I'm in a team using dvc with git to version-control data files. We are using dvc 1.3.1, with the an S3 bucket remote. I'm getting this error when executing dvc fetch
or dvc pull
on a colleague's branch:
ERROR: failed to fetch data from the cloud - DVC-file 'C:\Users\blah\Documents\repo\data\processed_data.dvc' format error: extra keys not allowed @ data['outs'][0]['size']
When I check the dvc file for a cached file with which I have no problem I see this:
md5: ded591aacbe363f0518ceb9c3bc1836b
outs:
- md5: efdab20e8b59903b9523cc188ff727e5
path: completion_header.p
cache: true
metric: false
persist: false
but a problematic file only has this:
outs:
- md5: f4e15187d9a0bbb328e629eabd8d1784.dir
size: 112007
nfiles: 3
path: processed_data
In all cases, files are added to dvc with the command dvc add %dirname%
. This is the second time I've seen this on a colleague's branch (2 different people).

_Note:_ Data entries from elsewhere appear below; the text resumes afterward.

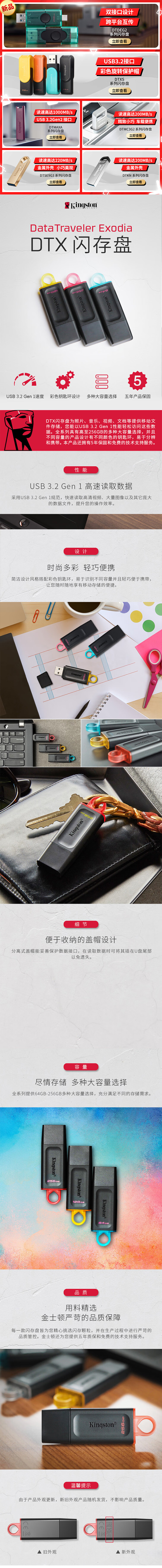 金士顿 DTX系列 U盘 可选容量USB3.2 Gen 1(售后服务升级)
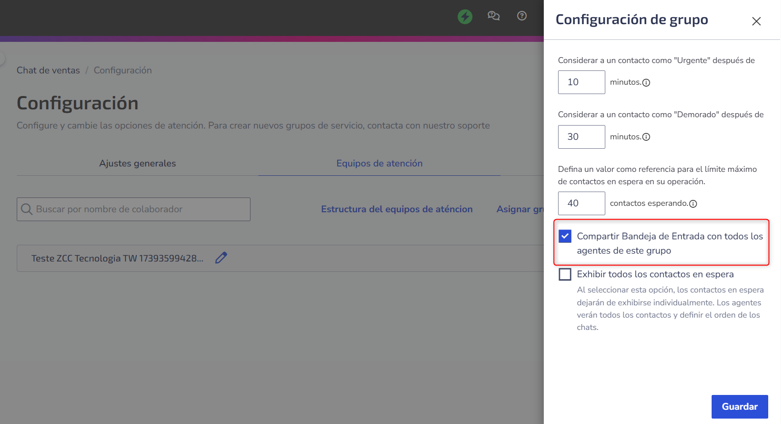 4. Habilita la opción Compartir Bandeja de Entrada con todos los agentes de este grupo.
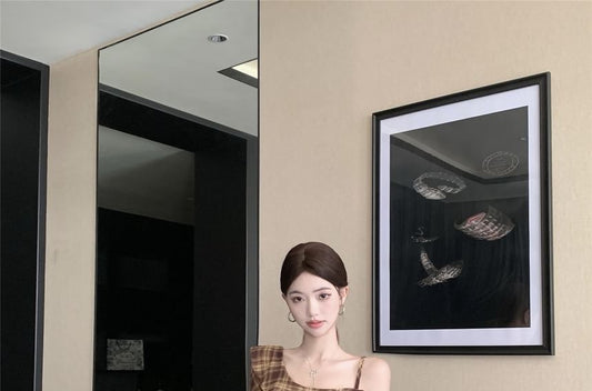Long Sleeve Cold Shoulder Plaid Ruffle Mini A-Line Dress / Belt / Band Collar Plain Faux Suede Zip Jacket / Set

Since posting, I have realized that my colleague dvc'd a directory. I have attempted creating the directory first, then calling dvc fetch
, but get the same error.
It seems like there is a high chance that one of the dvc files created in newer versions of dvc and you are trying to operate with an older version. Are all of your colleagues use the same dvc version when adding new files?